Plenty is said about the state of relationships these days. Women aren’t wives. Men can’t be faithful. Chivalry is dead. Lost somewhere in the mix is a class of women who love and appreciate the beauty of a man. Y’all don’t hear me though…
The beauty of a man.
It’s in a woman’s nature to love a man. We’re built for it. Our hearts, minds, and spirits, created it for it. Nurturer’s by nature, we are the ultimate “Captain Save a Hoes.” Love leads us to want better for a man than he wants for himself.
Potential is paralyzing. We often get lost in the hopes of who a man could be vs. who he actually is. Women rarely admit defeat. So, conceding to the fact that we put our time, love and energy into someone undeserving is less desirable than a bad bikini wax. We will ride that man until the wheels fall off; figuratively of course.

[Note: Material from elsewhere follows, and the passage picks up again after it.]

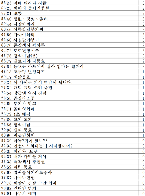 여기 54등까지 살아남앗어 이번에는 55부터는 표가 같아서 다탈락으로 했어

I know I’m not alone on this one. I can’t be. I’ve loved so deeply that I made his dream my own. I carried his baggage to lessen his burden and I viewed his drawbacks as opportunities. I honestly believed that if I loved him enough, he’d love himself enough to be who I knew he could be.
The question becomes, at what point does the benefit of the doubt become doubtful? At what point do you save yourself?

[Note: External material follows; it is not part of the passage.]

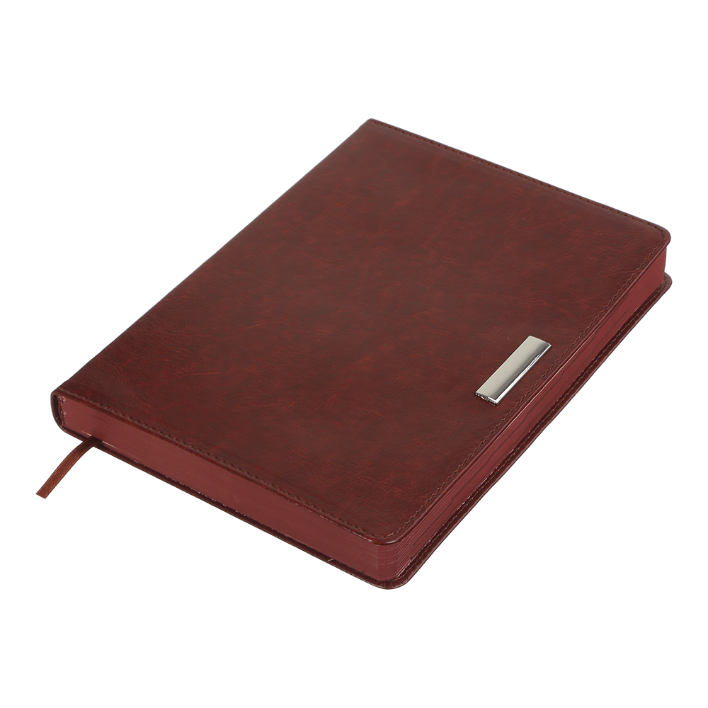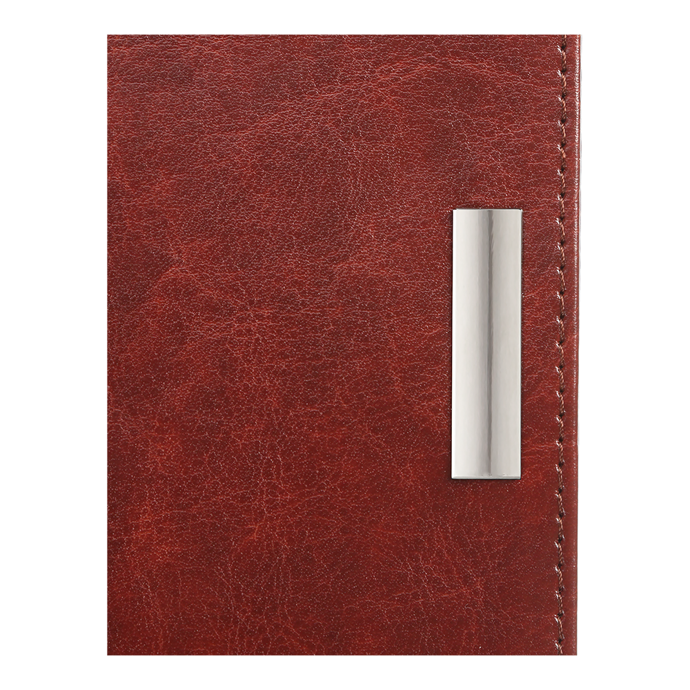 Гнучка обкладинка щоденника SALERNO виконана під натуральну шкіру. Унікальним елементом дизайну є металевий декор - шильда на лицьовій стороні обкладинки. Гармонійно доповнює дизайн тонований зріз внутрішнього блоку в колір обкладинки та декоративний шов по периметру.

Some would say you have to love yourself enough to let go, I’d argue that you have to truly love yourself to love someone else to that extent. Maya Angelou states, “When someone shows you who they are…believe them.” Perhaps she’s on to something.
Vixens, what do you think? Is giving someone the benefit of the doubt actually beneficial or is it best to cut your losses and place your bets elsewhere?